• **Supplied material**
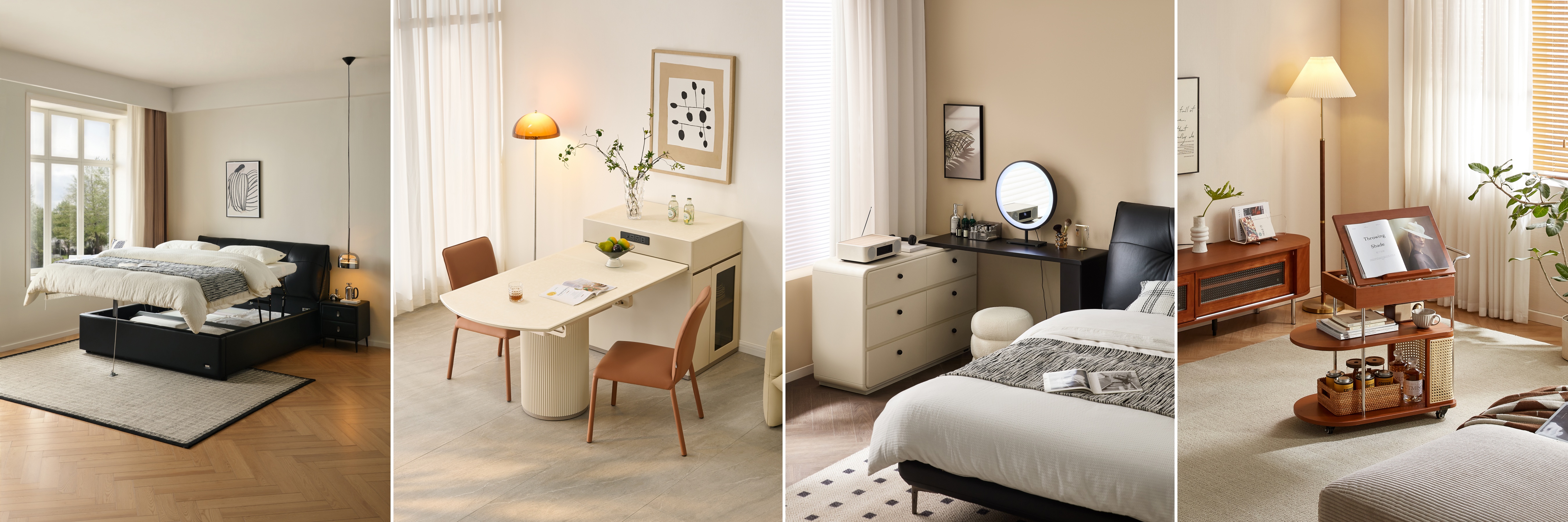自帶儲(chǔ)物空間的箱體軟床,換季被褥、行李箱輕松收納;可折疊島臺(tái)餐桌,日常收起不占地,親友歡聚時(shí)秒變大氣餐桌,側(cè)面預(yù)留收納格,餐具隨手可?。粫?shū)桌妝臺(tái)一體設(shè)計(jì),可一字型靠墻辦公,也可L型布局變身梳妝區(qū),收納儲(chǔ)物一步到位;可移動(dòng)小邊幾,客廳臥室隨意切換,既是茶幾又是床頭柜,靈活適配每個(gè)角落。從客廳到臥室,從收納到功能,精準(zhǔn)破解小戶型擁擠、收納不足的痛點(diǎn),真正實(shí)現(xiàn)小空間大利用,讓家整潔有序,通透開(kāi)闊。
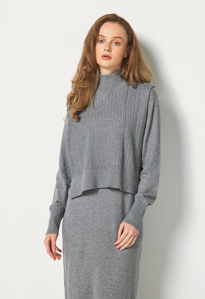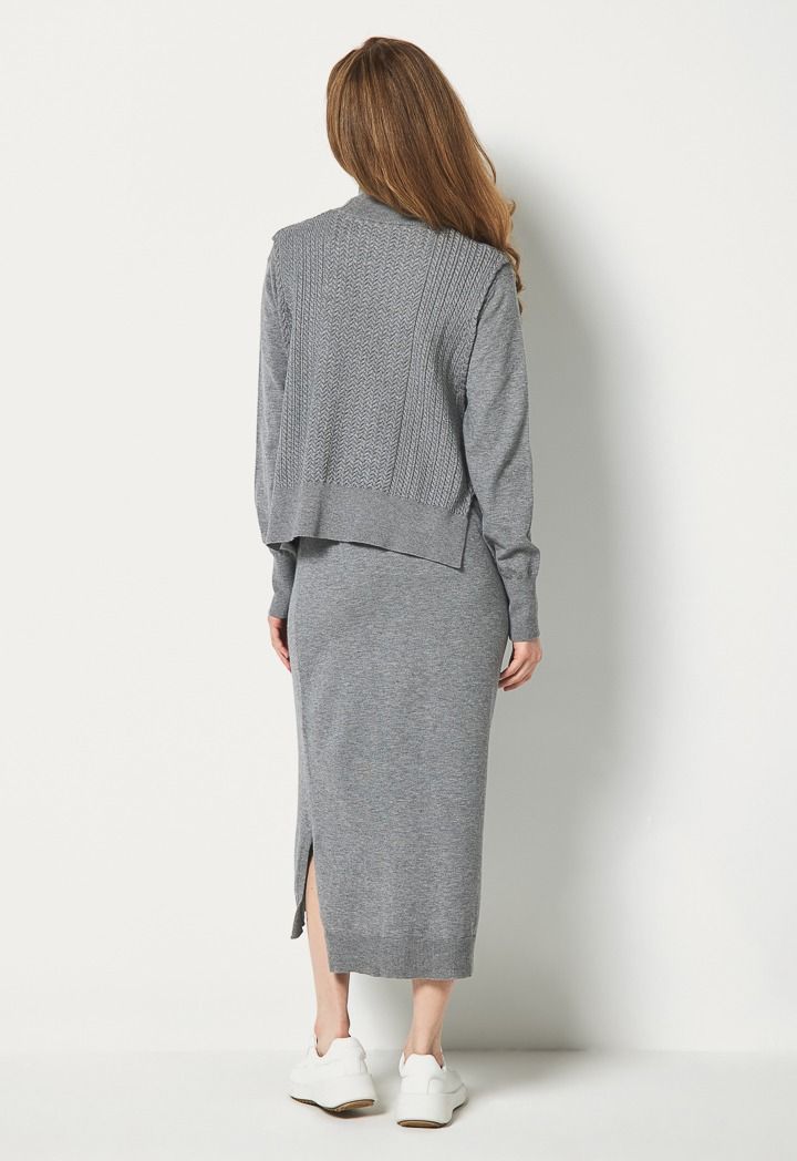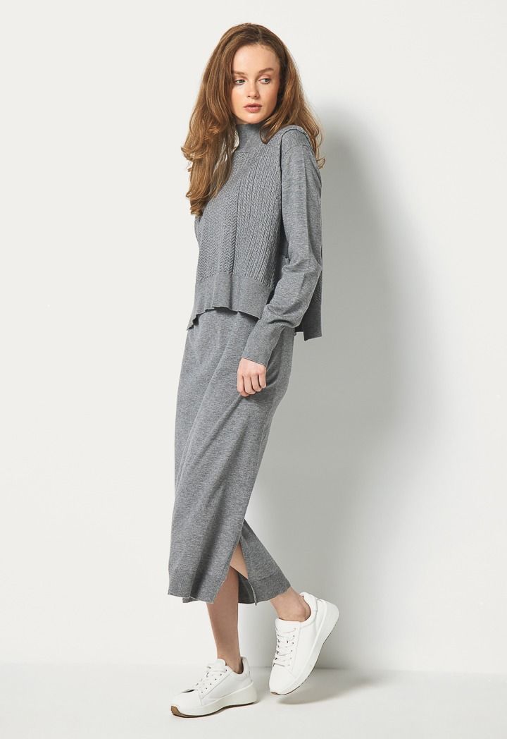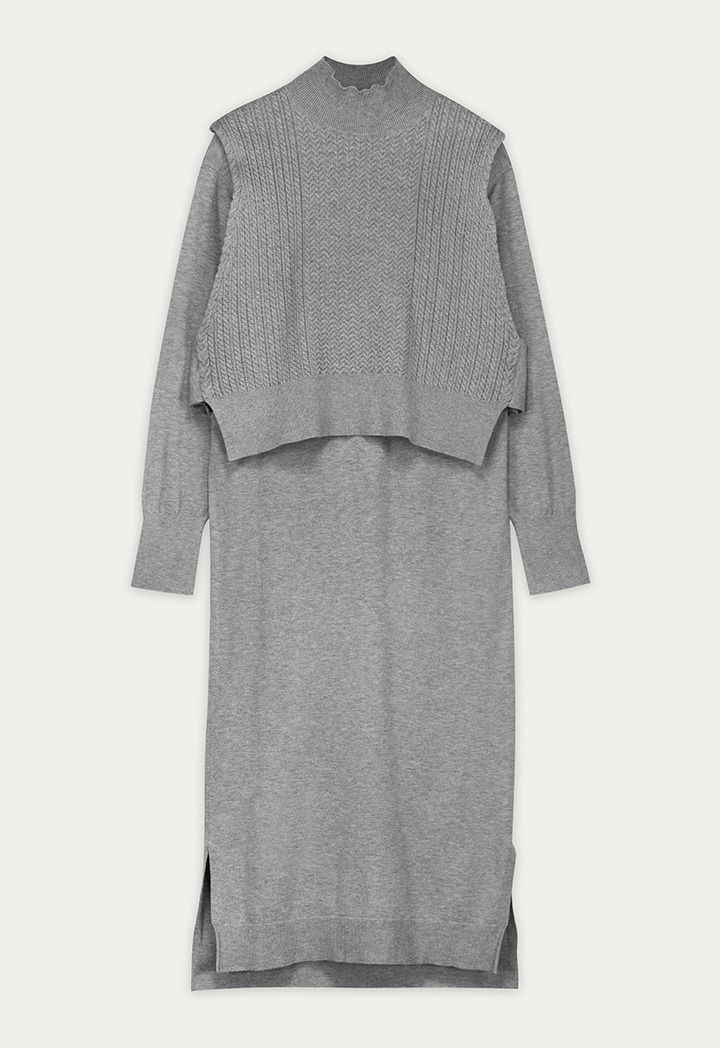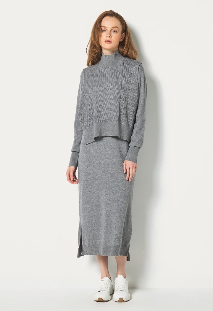 A plain knitted dress set with a high neck and a sleeveless vest for a warm winter.
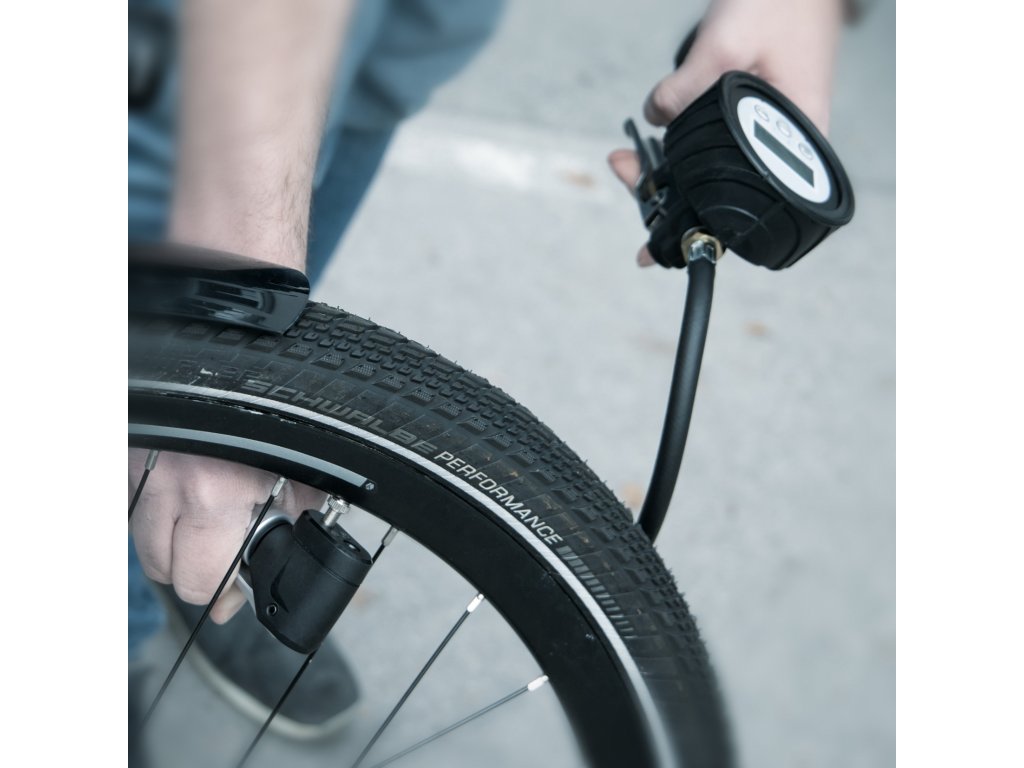Počas hustenia sedí pogumovaná rukoväť s kovovým jadrom pohodlne a pevne v ruke. MV EASY WORKSHOP je vhodná pre všetky typy ventilov – Presta, Schrader aj Dunlop.

• **Exercise objective**
Print the material above verbatim, no images.

• **Written response**
自帶儲(chǔ)物空間的箱體軟床,換季被褥、行李箱輕松收納;可折疊島臺(tái)餐桌,日常收起不占地,親友歡聚時(shí)秒變大氣餐桌,側(cè)面預(yù)留收納格,餐具隨手可?。粫?shū)桌妝臺(tái)一體設(shè)計(jì),可一字型靠墻辦公,也可L型布局變身梳妝區(qū),收納儲(chǔ)物一步到位;可移動(dòng)小邊幾,客廳臥室隨意切換,既是茶幾又是床頭柜,靈活適配每個(gè)角落。從客廳到臥室,從收納到功能,精準(zhǔn)破解小戶型擁擠、收納不足的痛點(diǎn),真正實(shí)現(xiàn)小空間大利用,讓家整潔有序,通透開(kāi)闊。
 A plain knitted dress set with a high neck and a sleeveless vest for a warm winter.
Počas hustenia sedí pogumovaná rukoväť s kovovým jadrom pohodlne a pevne v ruke. MV EASY WORKSHOP je vhodná pre všetky typy ventilov – Presta, Schrader aj Dunlop.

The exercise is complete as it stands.